The narrator is a petty thief who is
supposed to have fled from the decade-long Lebanese civil war during which he
dreamt of nothing but escape. However, having made his escape to far-away and
“frozen” Canada, he immediately wonders about the wisdom of his flight. “Where am I?” he asks. “And what am I doing
here? How did I end up trapped in a constantly shivering carcass, walking in a
frozen city with white cotton falling on me all the time? And, on top of all
that, I am hungry, impoverished, and have no one, no one.”
Unreliable if not downright duplicitous,
Hage’s anti-hero reminds one of the narrator in Nabokov’s Pale Fire. It is
simply impossible to know which part of the story he is telling at any given
time is true and which is not. In the
end, it matters little where truth ends and imagination begins. What matters is
the comic tragedy that is life to a whole host of engaging and broken rogues
clinging to existence as immigrants on the margins of Canadian society.
Among them is Reza, the Persian sitar
player whose fingers were broken by Khomeini's Islamic Guards. There is the
Algerian self-styled “professor” aping French café intellectuals and dreaming
of doing great deeds while waiting for his next welfare cheque. There is the
beautiful Shohreh who has been raped by Islamists in Tehran and the flirtatious
Sehar who wants to forget her origins and become a true Canadian.
The supporting cast includes the native
Canadians appearing as bleeding-heart do-gooders, pale-faced vegans, Jehova’s
witnesses, welfare officers, and, of course, the sexually alluring
psychotherapist assigned to the narrator after the latter’s attempted suicide.
In Hage’s world, east and west can never
meet except in mutual suspicion, derision and, ultimately, hatred and violence.

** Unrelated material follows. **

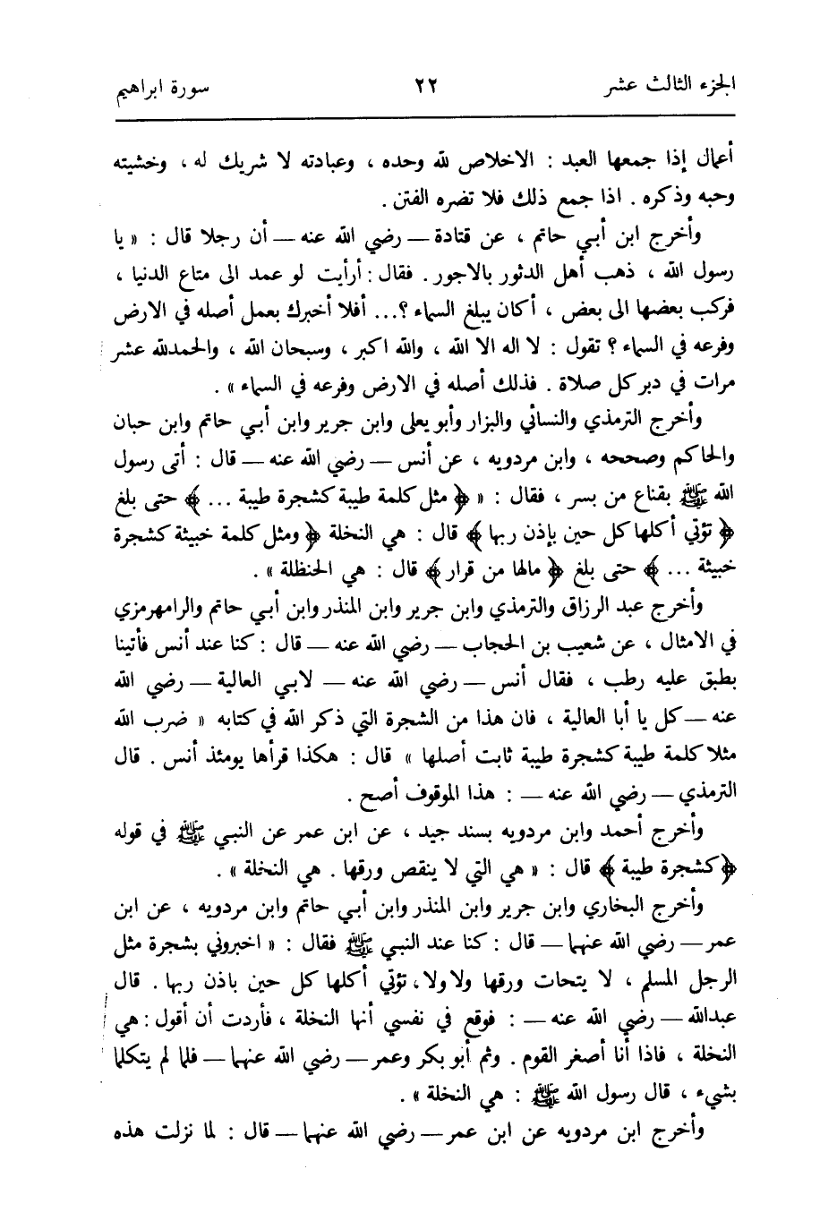 وَأخرج البُخَارِيّ وَابْن جريروابن الْمُنْذر وَابْن أبي حَاتِم وَابْن مرْدَوَيْه عَن ابْن عمر - رَضِي الله عَنْهُمَا - قَالَ: كُنَّا عِنْد النَّبِي صلى الله عَلَيْهِ وَسلم فَقَالَ: اخبروني مثل الرجل الْمُسلم لَا يتحات وَرقهَا وَلَا وَلَا تؤتي أكلهَا كل حِين بِإِذن رَبهَا

Like other Western countries that have admitted large numbers of immigrants
from the Third World, especially Muslim countries, Canada is unable to absorb,
let alone assimilate, its new citizens. Nor is it capable of offering them
anything but the crumbs of its “indecent prosperity”. Thus, the immigrants live
in a limbo formed by an archipelago of solitudes. Having lost their original
homelands they are daily reminded that the new one they hoped to gain is
forever closed to them.
The back-stories of the various characters
provide a series of glimpses into the violent politics of the Third World
nations that have triggered the biggest waves of refugees the world has ever
known.
Because of the title of the book, Hage’s
novel may remind some readers of Kafka’s Metamorphosis, however, there is a
fundamental difference between the two takes. Kafka’s anti-hero is
metamorphosed into a cockroach without knowing and/or wanting it. He is a
victim of a cruel fate beyond his control. Hage’s anti-hero, on the other hand,
builds the cockroach aspect of his persona willingly and as the key element of
a mechanism of self-defence in a hostile world. In Hage’s first novel De Niro's
Game, a cockroach is transformed, and thus elevated, into a hunchback. In this
novel, the albino cockroach has a “hunched back”. Hage writes: “I saw the
gigantic striped albino cockroach standing on two of its feet, leaning against
the kitchen door. It had grown to my size – even bigger, of you were to measure
the antennae that touched the ceiling.”
In the dialogue that ensues, the narrator
is challenged by the cockroach for being an “escapist”, presumably because of
his attempted suicide. “We are ugly,” the cockroach says. “But we always know
where we are going. We have a project. A project to change this world.”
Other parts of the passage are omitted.